Четвертую группу составляли такие обвинения, которые заявлены были с целью доказать, что Златоуст позволял себе поношения и оскорбления как некоторых епископов, так и константинопольского клира. Так, один из обвинителей святителя утверждал, что он называл св. Епифания, епископа Кипрского, его современника, "глупым и бесом". Чистейшая клевета! Вот краткая история действительных отношений между Златоустом и Епифанием. Епифаний перед временем рассматриваемого собора, по внушению известного нам Феофила, прибыл в Константинополь для того, чтобы заставить Златоуста изгнать так называемых "Долгих братьев" из столицы и произнести анафему на Оригена. Златоуст дружелюбно принял Епифания, но, конечно, не сделал того, чего желал его гость. Епифаний некоторое время оставался в столице и предпринимал некоторые меры, неблагоприятные для Златоуста, с целью достигнуть исполнения своего желания. Архиепископ Константинопольский не уступал. Кончилось тем, что Епифаний помирился со Златоустом, начал питать добрые чувства и к "Долгим братьям". Затем он отправился обратно на корабле на о. Кипр - место его служения, но по дороге на море скончался. Не в меру любившее острить и сочинять анекдоты византийское общество, вследствие не совсем дружественных временных отношений Епифания к Златоусту, создало несколько баснословных сказаний. Так, например, византийцы рассказывали, что при прощальном свидании обоих епископов они обменялись такими пророчествами: Епифаний будто сказал Златоусту: "Надеюсь, что ты не умрешь епископом столицы". На что последний будто бы отвечал: "А я надеюсь, что ты не доедешь до своего о. Кипра". Конечно, эта басня, потому что достоверно известно, что оба святителя перед смертью Епифания расстались мирно. К области таких же легенд, созданных пылким воображением византийцев, относится и обвинение, заявленное на соборе, что будто Златоуст называл Епифания "глупым и бесом".

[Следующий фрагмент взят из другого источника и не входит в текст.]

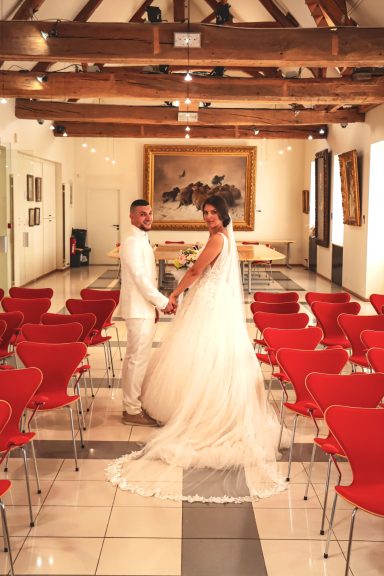 Je me déplace gratuitement dans tout le Val-d’Oise et les départements voisins. Pour les mariages plus éloignés, un forfait déplacement est ajouté sur devis.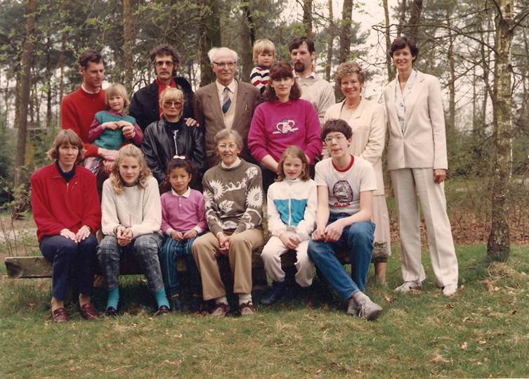 Met alle familie, v.l.n.r. op voorste rij: Anneke, Mathilde (dochter Sjoerd), Catalina (dochter Sjoerd), Lenie, Stella (dochter Dietert) en Maxim (zoon Dietert); middelste rij: Nella (opgetild door Pappa Jouke), Wiesia, Tanny, Chris (vriendin Renske) en Renske; achterste rij: Jouke, Dietert, Sjoerd, Sjoerd met Robert op de arm.
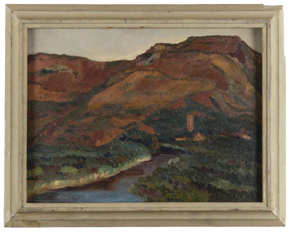 MELKIORRE MELIS (Bosa 1889 - Roma 1982) Vallata del Temo, 1925 Olio su tela, cm. 48 x 64 Firma in basso a sinistra ESPOSIZIONI III Biennale d'Arte, Roma 1925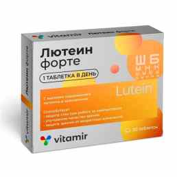 Лютеин форте витамины для глаз витамир, таблетки ×30 Квадрат-С, Россия • Без рецептаБАДИнструкция17,72 — 25,97 р.Где купитьВ корзину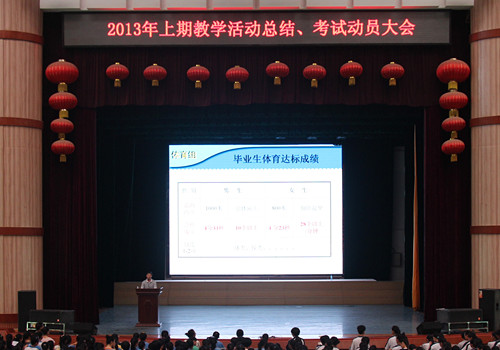 6月24日上午,长沙市信息技术学校2013年上学期教学活动总结以及期末考试动员大会在汇美馆举行。校长助理、学生科科长周文华,保卫科科长、学生科副科长熊石林,教务科副科长陈郁,学生科副科长宋黎黎等出席会议。会议由教务科科长周建军主持。
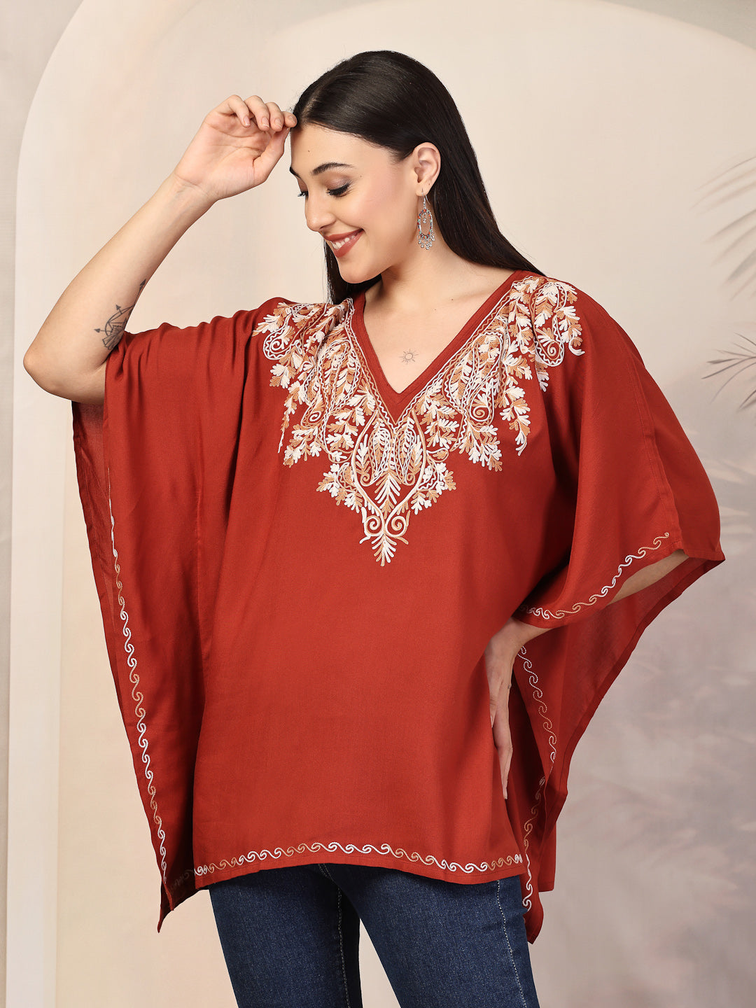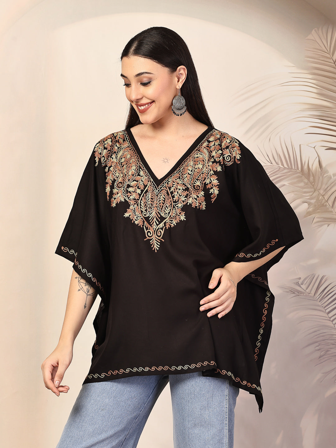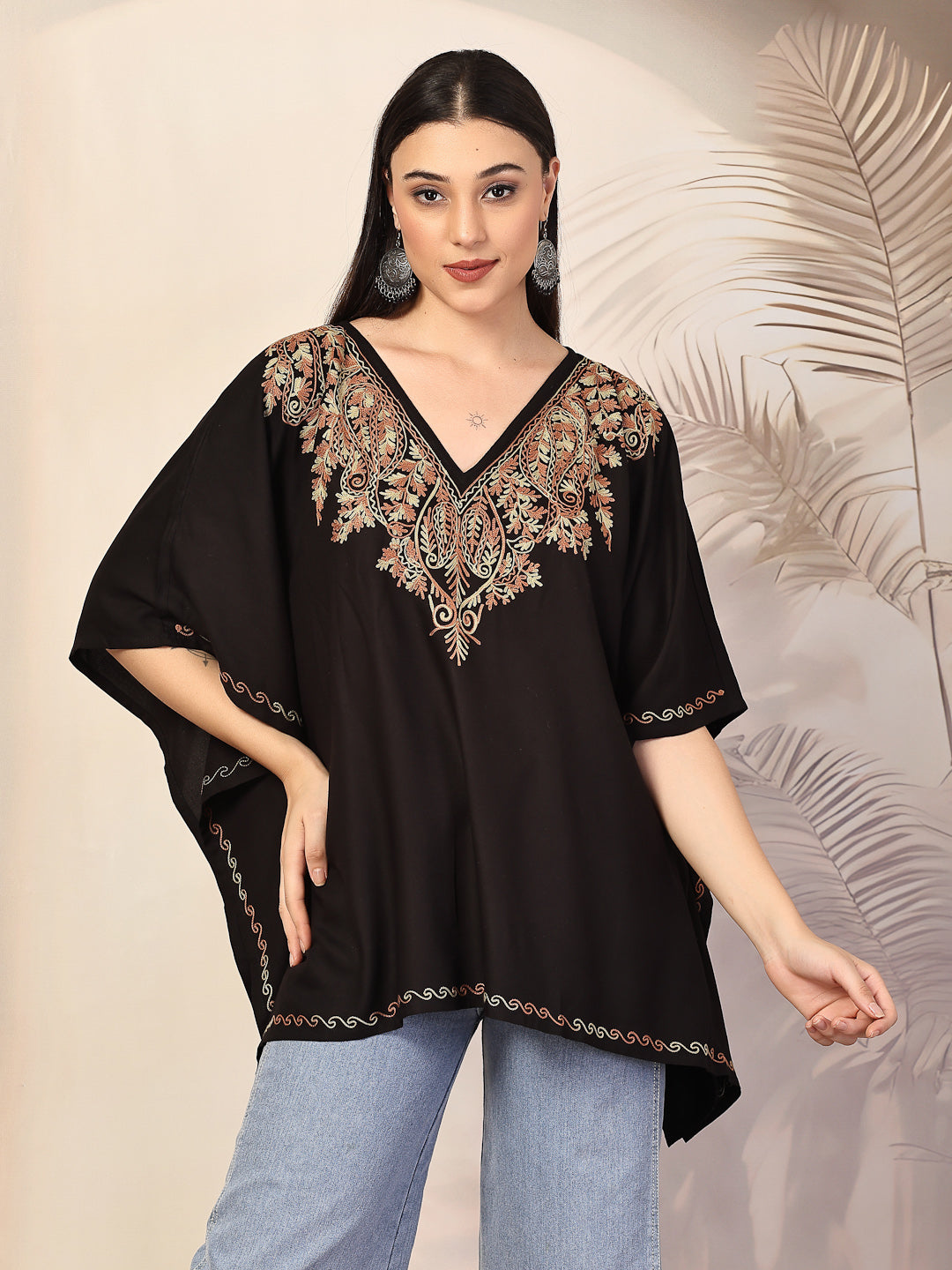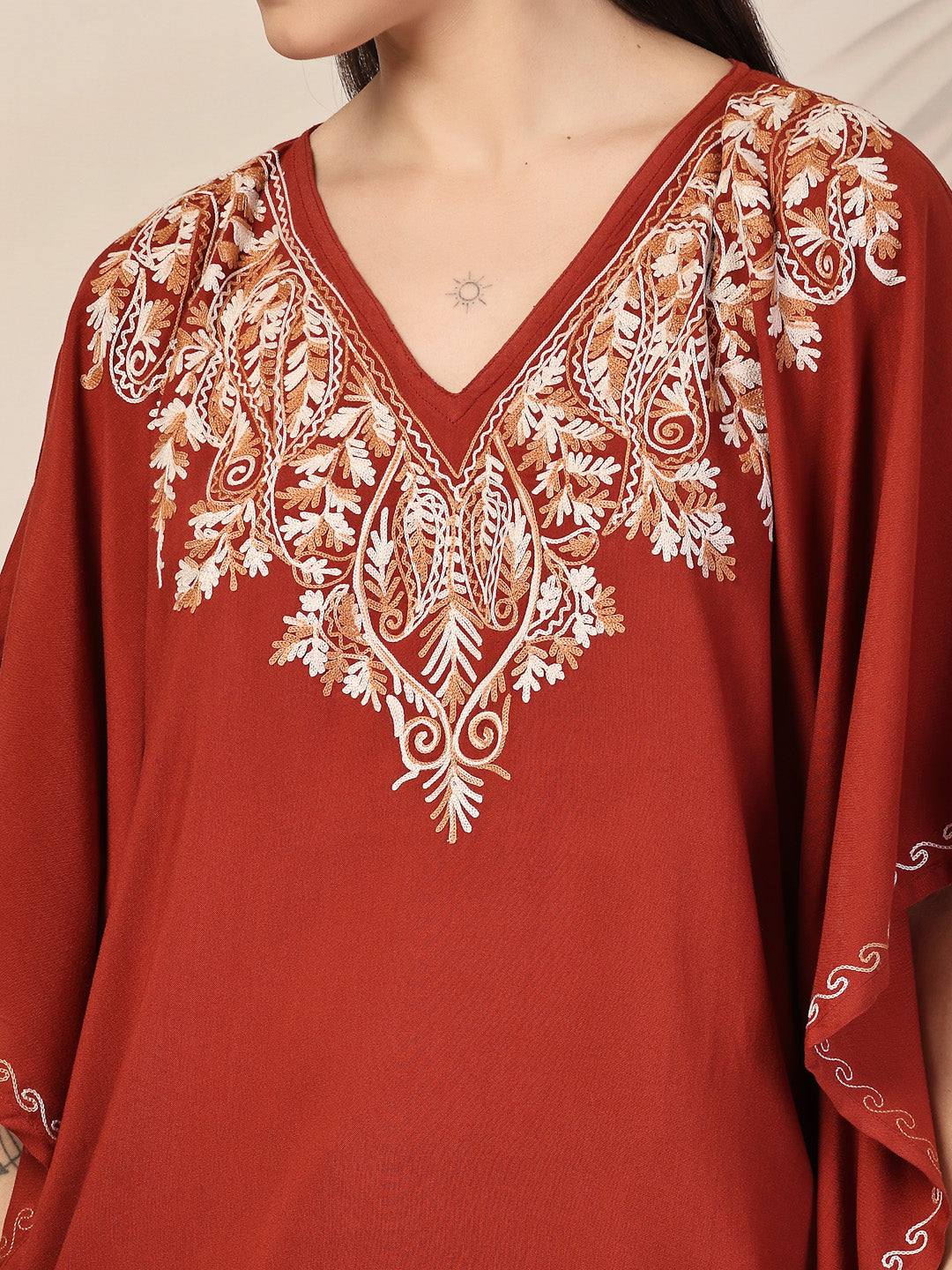 Embrace timeless elegance with our stunning Kashmiri Embroidered Kaftan, a perfect blend of tradition and contemporary style. This free-size kaftan is designed to flatter all body types, offering a comfortable yet stylish fit for every occasion.Crafted from luxurious, breathable fabric, the kaftan is adorned with intricate Kashmiri embroidery—a hallmark of exquisite craftsmanship. The hand-embroidered motifs, featuring traditional paisley, floral patterns, and fine needlework, showcase the rich cultural heritage of Kashmir. Delicate threads of vibrant colors bring the intricate designs to life, making this piece a true statement of art.Whether you're lounging at home, attending a casual gathering, or stepping out for a festive occasion, this kaftan provides effortless style with its flowy silhouette and detailed artistry. Pair it with minimal accessories for a chic, ethnic look.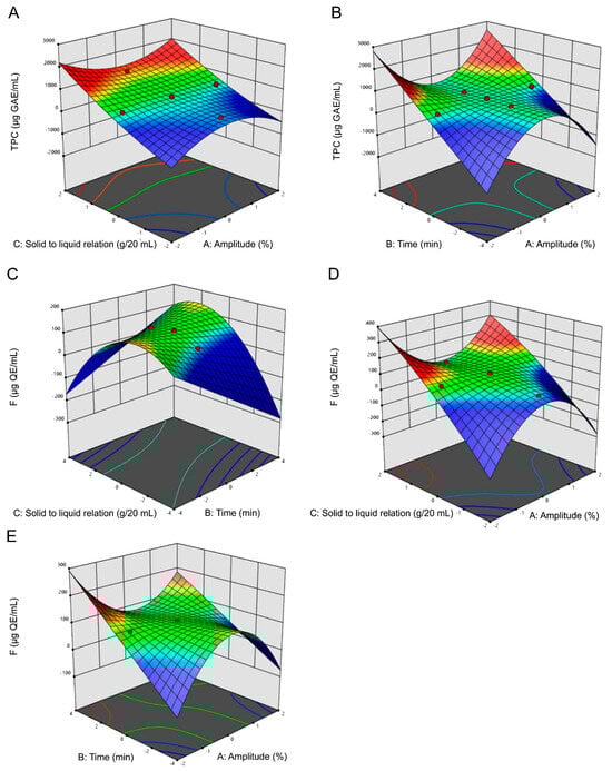 Response surface plots of ultrasound-assisted extraction (UAE) of total phenolic compounds (TPC) and flavonoids (F). Influence on TPC extraction of (A) solid/liquid ratio vs. UAE amplitude; (B) UAE time vs. amplitude. Influence on F content of (C) solid/liquid ratio vs. UAE time; (D) Solid/liquid ratio vs. UAE amplitude; and (E) Time vs. UAE amplitude. Blue and red areas represented low and high yields of TPC and F concentration, respectively.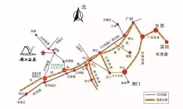 珠海由江珠高速转中江高速(江门方向;中山、江门由此进入)直行至共和收费站。在共和收费站转佛开高速(开平、湛江方向)、开阳高速,在开阳高速圣堂出口下,约200米右转朗底方向,约18分钟即到。
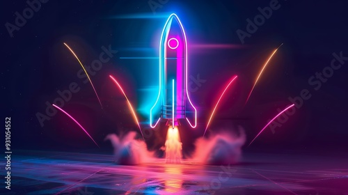 The watermark will not be included on Wall mural.: 3d illustration rocket space colorful holographic in dark background for business start up and scien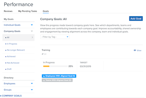 Our Goals feature empowers employees, managers and your HR team to set and track goals for your organization.
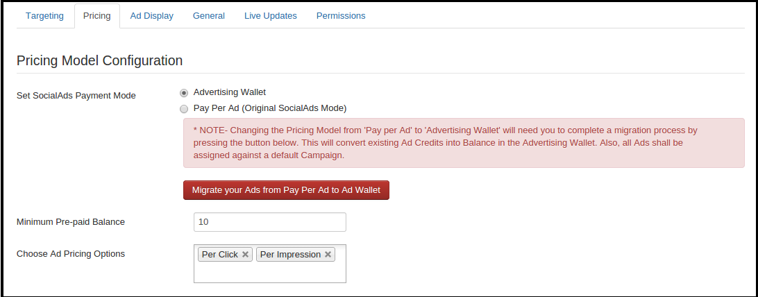 Changing the Pricing Model from Pay per Ad to Advertising Wallet will need you to complete a migration process by pressing the button below (If the button is not displayed then no need to migrate). This will convert existing Ad Credits into Balance in the Advertising Wallet. Also All Ads shall be assigned against a default Campaign.

Об отношениях Златоуста к другому епископу, Акакию Веррийскому, один из обвинителей говорил на соборе, что будто первый оскорбительно держал себя относительно второго. Говорилось, что Златоуст высокомерно относился к Акакию и не хотел ни слова говорить с ним. Разумеется, ничего такого не было. А было вот что: Акакий по некоторым делам пребывал в Константинополе. Златоуст, как обычно, пригласил его остановиться на епископском константинопольском подворье. Акакий принял предложение, но остался недоволен приемом Златоуста. Престарелый и уважаемый Акакий ожидал, что архиепископ Константинопольский устроит его жизнь со всевозможным комфортом. Но ничего такого не последовало. Ведя жизнь чрезвычайно простую, Златоуст не считал нужным делать какие-либо приготовления для приема гостя: он принял его совершенно запросто. Акакий вообразил, что Златоуст поступил так из каких-то задних целей, прогневался на хозяина и, уезжая от Иоанна, сказал константинопольским клирикам: "Хорошо же, я заварю ему кашу" (ollam condio). Вот та историческая почва, на которой выросло обвинение, что будто Златоуст плохо обходился с уважаемым епископом Акакием.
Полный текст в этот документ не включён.